International Journal of Management and Commerce Innovations ISSN 2348-7585 (Online) Vol. 7, Issue 2, pp: (346-361), Month: October 2019 - March 2020, Available at: www.researchpublish.com
Determinants of Loan Non Performance in Kenya Commercial Banks Edah Kavwanyiri Kaimosi Friends University College.
Abstract: Non-Performing loans are one of the key causes of banks breakdown in Kenya commercial banks. The following study sought to deeply investigate on determinants of nonperforming loans and thereafter come up with recommendations in regard to nonperforming loans problem. The general objective of the study was to assess the determinants of loan nonperformance in Kenya commercial banks. The study was guided by the following specific objectives: To determine the effect of Bank Ownership structure on loans nonperformance in Kenya commercial banks and to determine the effect of Credit Monitoring on loans nonperformance in Kenya commercial banks. The study employed descriptive research design where quantitative approach was applied. Census was adopted where data was obtained from 43 commercial banks in Kenya and analyzed using SPSS version 23 by applying both correlation and regression to show relationship between the variables. The results showed that both Bank ownership structure and credit monitoring were statistically significant in relation to Non performing loans. The study recommended that the bank management should take key issues on asset quality of the bank specifically loan performance for prevention of nonperforming loan thus can give due emphasis on the asset management decision then manage them efficiently.
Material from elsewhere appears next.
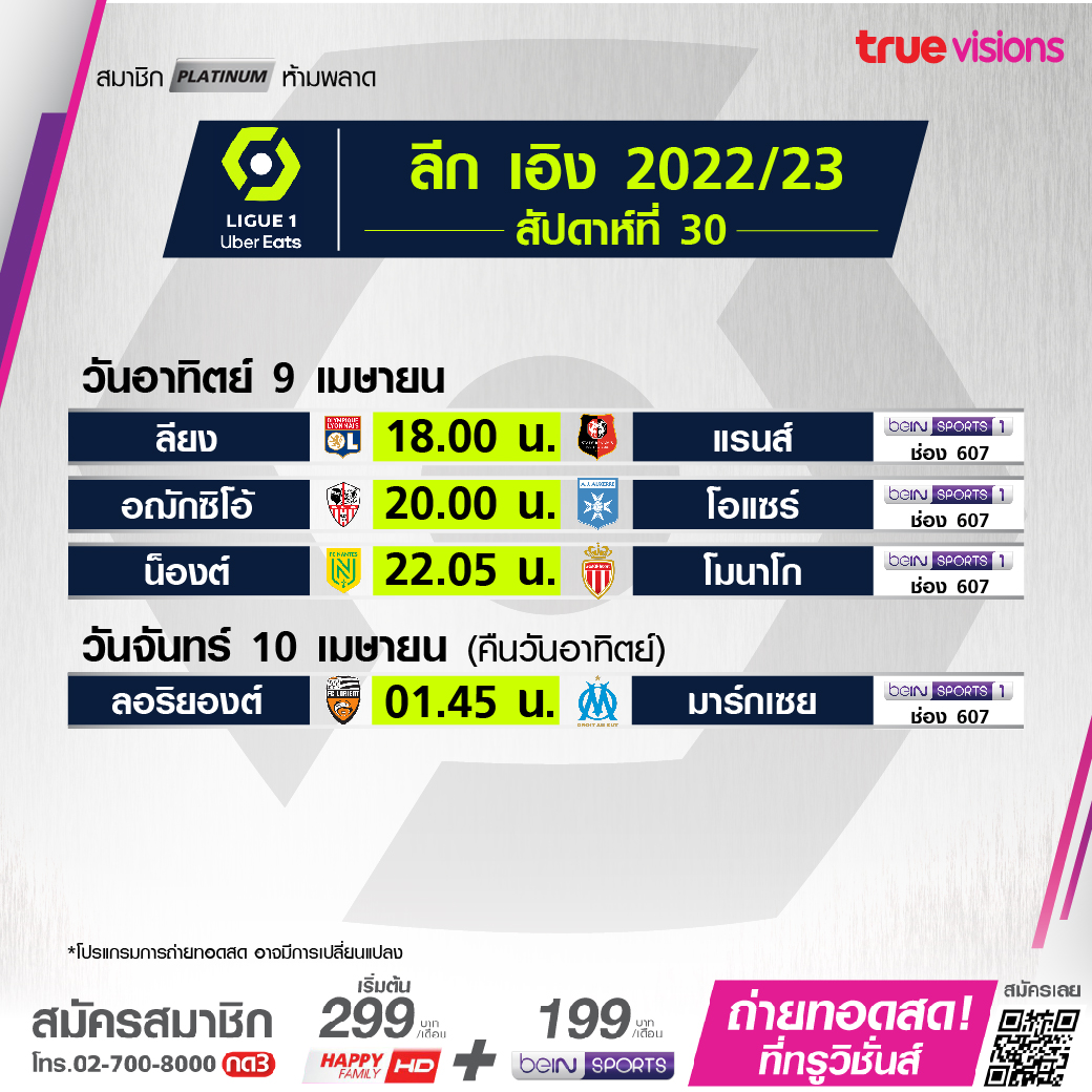 Lorient vs Marseille เวลา 01.45-03.45 ทางช่อง beIN 1 (607)

Management should also put into consideration the process and procedures in regard to credit monitoring. The internal risk management process must be sophisticated, proactive and adaptable handled by risk management staff and external partners, who can effectively and routinely assess, quantify, prioritize and address Non performing loans in depth. Keywords: Bank Ownership Structure, Credit Monitoring, Non performing Loans.
1. INTRODUCTION 1.1 Background of the Study In the recent past, the universal financial crisis and the succeeding recession in many developed and developing countries have increased firms’ defaults, causing significant losses to the banks. Case of Kenya is no difference where some banks have gone into bankruptcy and liquidation due to various non-performing loans. If a bank does not receive a timely partial or full payment of a loan, it should classify this as a problem loan and the value of the loan on the bank’s financial statements should be adjusted to reflect this. By recording them in this way stakeholders, management, regulators and other individuals will have a clearer picture of the true value and strength of the bank (Apostolik and Donohue, 2015). Therefore, problem loans are defined as financials agreements wherein the borrowing party did not pay the interest and/or installments according to a structured schedule. In other words, loans will be defined as NPLs when they do not generate income for the bank and thus cease to be in accordance with the loan agreement (Anjom & Karim, 2015). Rossi (2005), examined a sample of 278 banks in nine transition countries, from 1995 to 2002, using the Grangercausality techniques to test the associations among cost efficiency, bank capital and loan quality. They established that increases in NPLs are typically followed by decreasing cost efficiency. This happens since banks increase expenditure on monitoring, becoming more industrious in administering the portion of their prevailing performing loan portfolio. Further, decreasing cost efficiencies are usually followed by increasing NPLs, due to poor management practices, such as excessive expenditure and monitoring practices. Furthermore, they highlight that low bank capital ratios may encourage management to take on more portfolio risks, increasing non performing loans. Keeton and Morris (1987) emphasized on the concept of moral hazard, discovering that commercial banks with low level of capital to asset ratio are encouraged to accept high risk in their loan portfolio. As a result of this, the level of non-performing loans have gone up.